Board chair says city of Kent should call ShoWare Center loan a subsidy

If a city loan to the ShoWare Center is really a subsidy, then it should be called a subsidy.

The Kent City Council has yet to decide whether to change a contract agreement with the ShoWare Center's Public Facilities District to call a loan a subsidy.

The Kent City Council has yet to decide whether to change a contract agreement with the ShoWare Center's Public Facilities District to call a loan a subsidy.

If a city loan to the ShoWare Center is really a subsidy, then it should be called a subsidy.

That’s the opinion of the Public Facilities District (PFD) board chairman Mike Miller, who helps oversees operations at the city-owned arena, in connection with a finding by the state Auditor’s Office that the board’s financial statement misrepresented the $18 million debt because the district cannot generate enough money to repay the city for the loan.

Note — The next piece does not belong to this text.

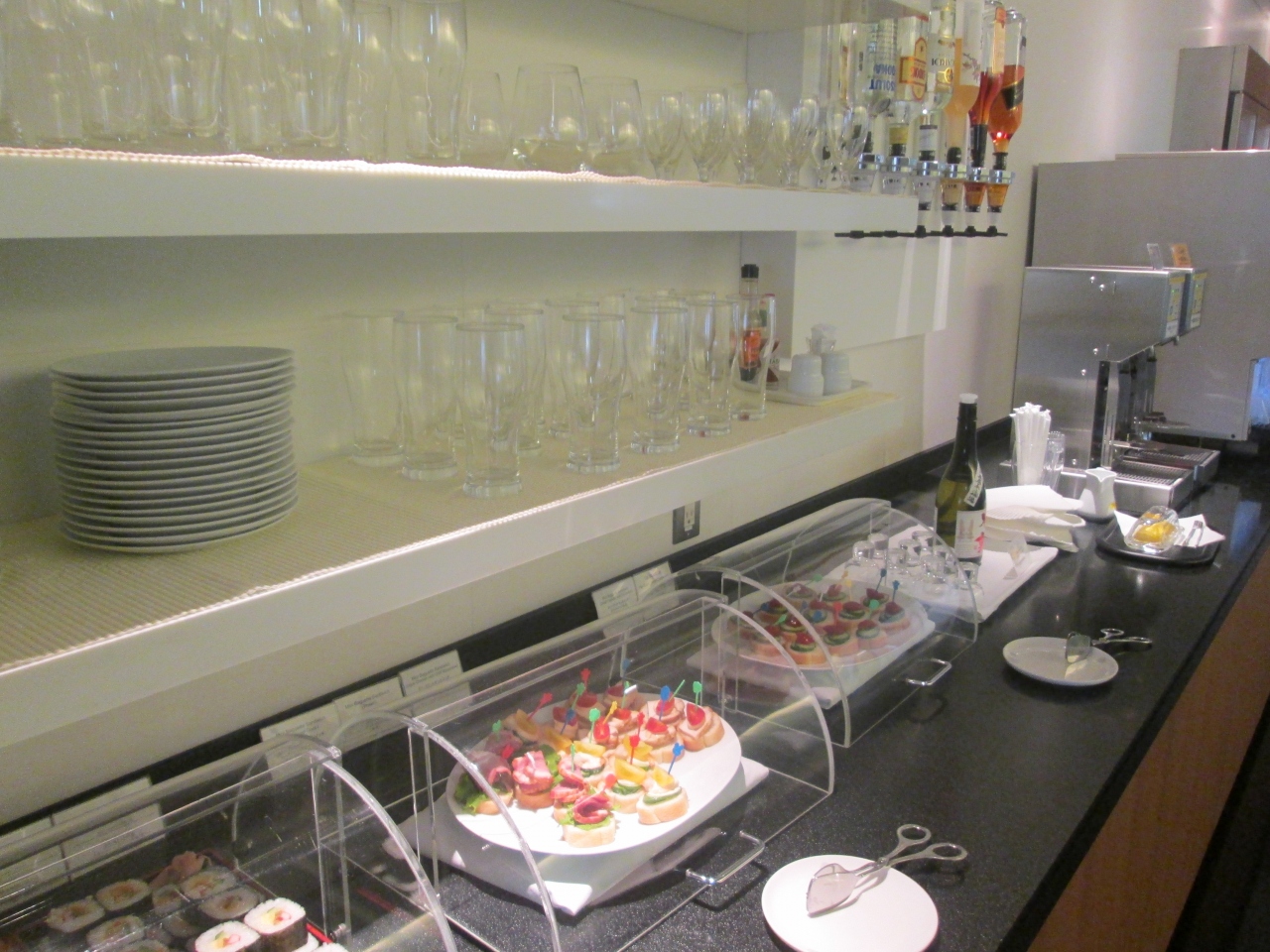 もちろん香港のキャセイパシフィックのラウンジと比べてしまうと、食事の面ではすこしさびしい気もしますが、わたしにとっては、成田のこのラウンジで充分でした。

“The point I am trying to make is it’s not an asset in my opinion,” Miller said at an exit conference on Jan. 9 with the state Auditor’s Office. “The wording should have been changed sometime ago. If I came in as a loan underwriter and looked at the financials and saw a large loan payable and loan receivable from an entity, I would question that as a loan receivable.”

The City Council voted in December to table a decision until March about changing the city’s agreement with the PFD to call the debt a loan or a subsidy. Several council members have said they think the arena could still make money and then the PFD could begin to pay back the loan.

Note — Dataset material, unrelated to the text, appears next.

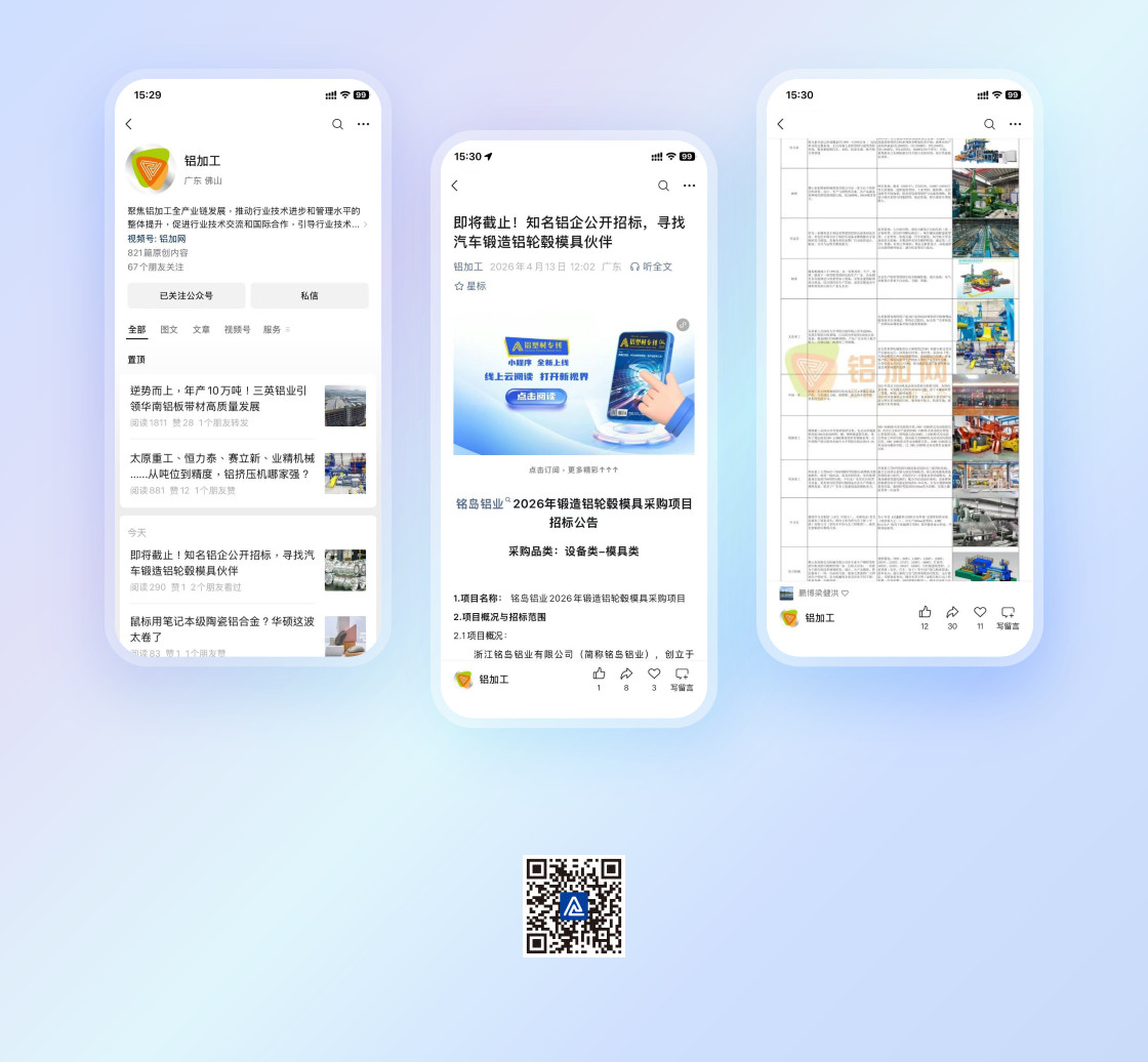 “铝加工”微信公众号。聚焦铝加工全产业链发展,推动行业技术进步和管理水平的整体提升,促进行业技术交流和国际合作,引导行业技术创新,促进节能减排,促进行业技术标准化水平提高。

City officials set up the repayment counting on the ShoWare Center to make money but the $84.5 million arena has lost more than $3 million since it opened in 2009.

“The district received payments from the city for its debt service and the district recorded the payments as intergovernmental revenues,” said Haji Adams, audit supervisor. “However, the agreement between the PFD and city say payments are loans. So generally accepted accounting principles require that loans be reported as a liability on the statement and they weren’t so we had a finding in regards to that.”

Adams said the misrepresentation caused intergovernmental revenues to be overstated by about $3.1 million and liabilities by the same amount in 2013 and notes payable understated from 2009-2012 by about $12.4 million.

“Our recommendation is that if repayment is not sought, both parties amend the agreement to reflect that,” Adams said.

Miller wants to see the agreement amended to call the city payments a subsidy.

“I think we have the support of the board to make a change in this and I would hope the city council agrees and I’ll leave it at that,” Miller said near the end of the meeting with the state auditors.

Earlier in the meeting, Miller asked the auditors if in the next financial report they would like to see the district report the loan as a subsidy.

“That’s a management decision,” said Sadie Armijo, deputy director of the state Auditor’s Office. “Our expectations are that the financial statements would reflect what it is. If you have not entered into an agreement (with the city), we would expect the financial statements to look like they do currently. Changes were made to the financial statements to make sure it was represented properly. It’s management’s decision if an agreement between the city and the PFD were to change, you would be reporting it.”

Miller then pressed Armijo further.

“You are not making a recommendation one way or another?” Miller asked.

Armijo replied:

“We don’t make management decisions for local governments,” she said.

The PFD brings in about $700,000 per year in revenue through a state sales tax rebate program. City officials created the PFD in 2007 and issued $63.3 million debt for construction of the arena. The city and PFD signed a loan agreement that stated any city monies contributed toward PFD debt service is a loan to be repaid with interest.

But the city has paid about $18 million of the $22 million owed in debt service on the ShoWare Center since 2009, according to City Financial Director Aaron BeMiller.

After the audit, city staff recommended the council change the language in the agreement from a loan to a subsidy. BeMiller told the council it could get in trouble with credit rating agencies if no change is made and the city continues to book a receivable for $18 million that it will never be repaid for because it is not fairly representing the city’s finances.

“We tabled it as a council,” said Councilwoman Brenda Fincher after she attended the meeting with the auditors. “We’re still in the same place.”